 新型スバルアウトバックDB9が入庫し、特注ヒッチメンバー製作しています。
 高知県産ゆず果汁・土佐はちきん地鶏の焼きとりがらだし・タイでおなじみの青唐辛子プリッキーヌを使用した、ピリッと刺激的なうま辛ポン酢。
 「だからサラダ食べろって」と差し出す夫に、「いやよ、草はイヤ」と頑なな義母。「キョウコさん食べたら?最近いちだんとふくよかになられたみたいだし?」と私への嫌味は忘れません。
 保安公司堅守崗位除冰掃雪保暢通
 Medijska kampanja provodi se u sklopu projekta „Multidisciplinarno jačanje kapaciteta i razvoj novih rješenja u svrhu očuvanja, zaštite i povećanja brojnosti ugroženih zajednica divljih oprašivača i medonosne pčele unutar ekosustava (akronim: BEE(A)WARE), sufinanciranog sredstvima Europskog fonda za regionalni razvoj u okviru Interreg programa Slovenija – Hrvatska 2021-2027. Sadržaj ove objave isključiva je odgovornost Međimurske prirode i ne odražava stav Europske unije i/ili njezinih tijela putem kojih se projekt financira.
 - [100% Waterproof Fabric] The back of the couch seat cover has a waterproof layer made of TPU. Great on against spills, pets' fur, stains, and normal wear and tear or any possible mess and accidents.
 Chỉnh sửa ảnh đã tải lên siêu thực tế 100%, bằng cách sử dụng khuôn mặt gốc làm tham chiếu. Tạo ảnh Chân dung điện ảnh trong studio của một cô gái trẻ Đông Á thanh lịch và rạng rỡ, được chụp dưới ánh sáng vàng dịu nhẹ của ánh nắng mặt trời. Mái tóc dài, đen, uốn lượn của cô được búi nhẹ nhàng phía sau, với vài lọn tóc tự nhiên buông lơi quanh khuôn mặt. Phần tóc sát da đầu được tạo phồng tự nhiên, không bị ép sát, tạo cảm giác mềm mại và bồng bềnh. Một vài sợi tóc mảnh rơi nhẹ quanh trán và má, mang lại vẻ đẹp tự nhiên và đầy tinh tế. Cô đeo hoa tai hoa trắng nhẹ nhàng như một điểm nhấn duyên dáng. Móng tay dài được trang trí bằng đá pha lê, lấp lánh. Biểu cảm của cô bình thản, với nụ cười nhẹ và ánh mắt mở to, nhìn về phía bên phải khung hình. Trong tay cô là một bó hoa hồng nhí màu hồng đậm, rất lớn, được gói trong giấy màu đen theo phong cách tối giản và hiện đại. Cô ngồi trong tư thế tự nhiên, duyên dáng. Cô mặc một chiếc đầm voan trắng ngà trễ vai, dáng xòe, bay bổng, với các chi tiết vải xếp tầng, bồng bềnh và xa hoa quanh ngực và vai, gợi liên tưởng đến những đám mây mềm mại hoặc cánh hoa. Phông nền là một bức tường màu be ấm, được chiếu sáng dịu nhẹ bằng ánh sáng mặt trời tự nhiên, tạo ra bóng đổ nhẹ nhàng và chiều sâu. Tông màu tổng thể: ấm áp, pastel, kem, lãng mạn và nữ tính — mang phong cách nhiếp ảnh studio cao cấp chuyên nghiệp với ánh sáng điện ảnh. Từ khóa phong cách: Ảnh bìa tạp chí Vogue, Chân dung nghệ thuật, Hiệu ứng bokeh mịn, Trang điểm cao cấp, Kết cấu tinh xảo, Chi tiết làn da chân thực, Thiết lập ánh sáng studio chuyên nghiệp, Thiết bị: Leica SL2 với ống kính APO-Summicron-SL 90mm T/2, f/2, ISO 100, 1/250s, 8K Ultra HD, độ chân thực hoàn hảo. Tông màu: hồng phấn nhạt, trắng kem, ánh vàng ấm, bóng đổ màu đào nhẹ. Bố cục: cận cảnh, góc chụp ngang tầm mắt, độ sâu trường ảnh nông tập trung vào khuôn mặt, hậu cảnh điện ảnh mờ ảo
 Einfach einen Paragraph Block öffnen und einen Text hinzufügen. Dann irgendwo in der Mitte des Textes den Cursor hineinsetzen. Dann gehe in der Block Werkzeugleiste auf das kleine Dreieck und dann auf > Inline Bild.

- [What the task asks]:
Only the lines from the first line of the records through the one containing "保安公司堅守崗位除冰掃雪保暢通" should be reproduced, exactly, with both of them included.

- [Completed exercise]:
 新型スバルアウトバックDB9が入庫し、特注ヒッチメンバー製作しています。
 高知県産ゆず果汁・土佐はちきん地鶏の焼きとりがらだし・タイでおなじみの青唐辛子プリッキーヌを使用した、ピリッと刺激的なうま辛ポン酢。
 「だからサラダ食べろって」と差し出す夫に、「いやよ、草はイヤ」と頑なな義母。「キョウコさん食べたら?最近いちだんとふくよかになられたみたいだし?」と私への嫌味は忘れません。
 保安公司堅守崗位除冰掃雪保暢通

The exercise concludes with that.